THE DAILY STUDENT NEWSPAPER OF THE UNIVERSITY OF PITTSBURGH

‘Mad Men’ premiere slow moving and character driven

Brian Dollard | March 28, 2012    

After nearly becoming as distant a memory as the 1960s, “Mad Men” returned to viewers on Sunday with the two-hour premiere of its fifth season… “Mad Men”

AMC

Sundays, 10 p.m.

Grade: B+

After nearly becoming as distant a memory as the 1960s, “Mad Men” returned to viewers on Sunday with the two-hour premiere of its fifth season.

Few are happy with the status quo at Sterling Cooper Draper Pryce when the action opens after Memorial Day 1966. The symbolic drives the conflict in the first episode. Megan (Jessica Paré) wants to throw Don (Jon Hamm) a surprise birthday party. Joan (Christina Hendricks) wants to leave her apartment. Pete (Vincent Kartheiser) wants Roger’s (John Slattery) more spacious office.

Although far from an exciting two hours of television — the episode verged on tedious — the season opener’s reliance on minor conflicts does not mean character developments are absent from the premiere.

While episode writer and series creator Matthew Weiner takes a leisurely pace to develop the motivations behind these decisions, each story gives the audience a strong preview of what the new season might examine.

A key aspect of the first episode that “Mad Men” examines well is the changing role of women in America during the 1960s.

The newly married Don and Megan Draper enjoy each other’s company both in their exotic New York apartment and in the office, where Megan has received a promotion and Don appears less motivated at work.

Megan arranges a surprise celebration of Don’s 40th birthday with his coworkers and friends.

The swinging soirée serves as a noticeable reminder of the generational differences between Megan and Don. After an evening filled with electric jazz music, patio marijuana smoking and Megan’s sultry rendition of the Gillian Hills song “Zou Bisou Bisou” — Don chooses sleep over sex and wants no part of Megan’s public display.

Their disagreements over the party eventually causes Don to dismiss Megan and leads to a fight between the couple. But Megan uses her sexual power over Don in a way that his ex-wife, Betty, never did. He is submissive to her. Megan subtly sells faithful monogamy to the cheating-prone Don.

Speaking of the character formerly known as Mrs. Draper, Betty Francis is notably absent from the first two hours of the season, especially for an episode so focused on the female characters. After spending season four drifting further away from the interesting and complex character she once was, her lack of lines did not exclude anything from the show but actress, January Jones.
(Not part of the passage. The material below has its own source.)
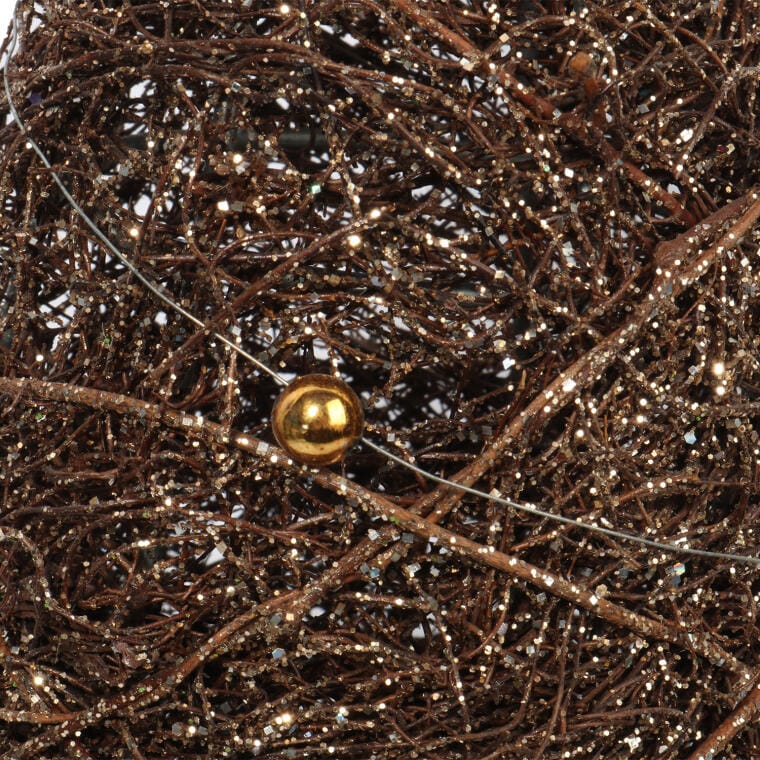 Dekoracyjna Choinka Świąteczna z Faszyny Brokatowej i Koralikami, 39 cm, Kolor Brązowy

Joan is busy and exhausted with her new responsibilities as a mother and employs the aid of her mom to assist with the baby’s care. Joan and her mom quickly clash over their ideas on the responsibilities of a wife and mother when Joan expresses her interest in returning to the office.

Her mother goes the biblical route by offering, “Where thou goest, I will go.” Joan’s response comes from the practical approach: “How did that work out for you?”

The men also have their own generational struggles.

Despite Pete’s successful courting of new accounts — and Roger’s attempts to steal Pete’s clients away — he has trouble losing his inferior status to Roger in the office. Pete’s loathing of Roger drives him to suggest that he needs Roger’s office to properly conduct business. Peter’s notion is laughed at by the other “senior” partners of the firm. But eventually, Roger compromises to Peter’s demands by bribing Harry Crane with a bonus to switch rooms.

The stakes of the exchange are minor, but hint at a season-long conflict arising between the two polar characters — the impossibly charming Roger and the perpetually irritated Pete.

The civil rights movement makes a brief cameo at the bookends of the episode, although it’s not the show’s best examination of the subject. Here’s hoping they will expound on the issue in future episodes.

Viewers should expect more interaction by the boys and girls of Madison Avenue with these cultural and character issues as this season develops.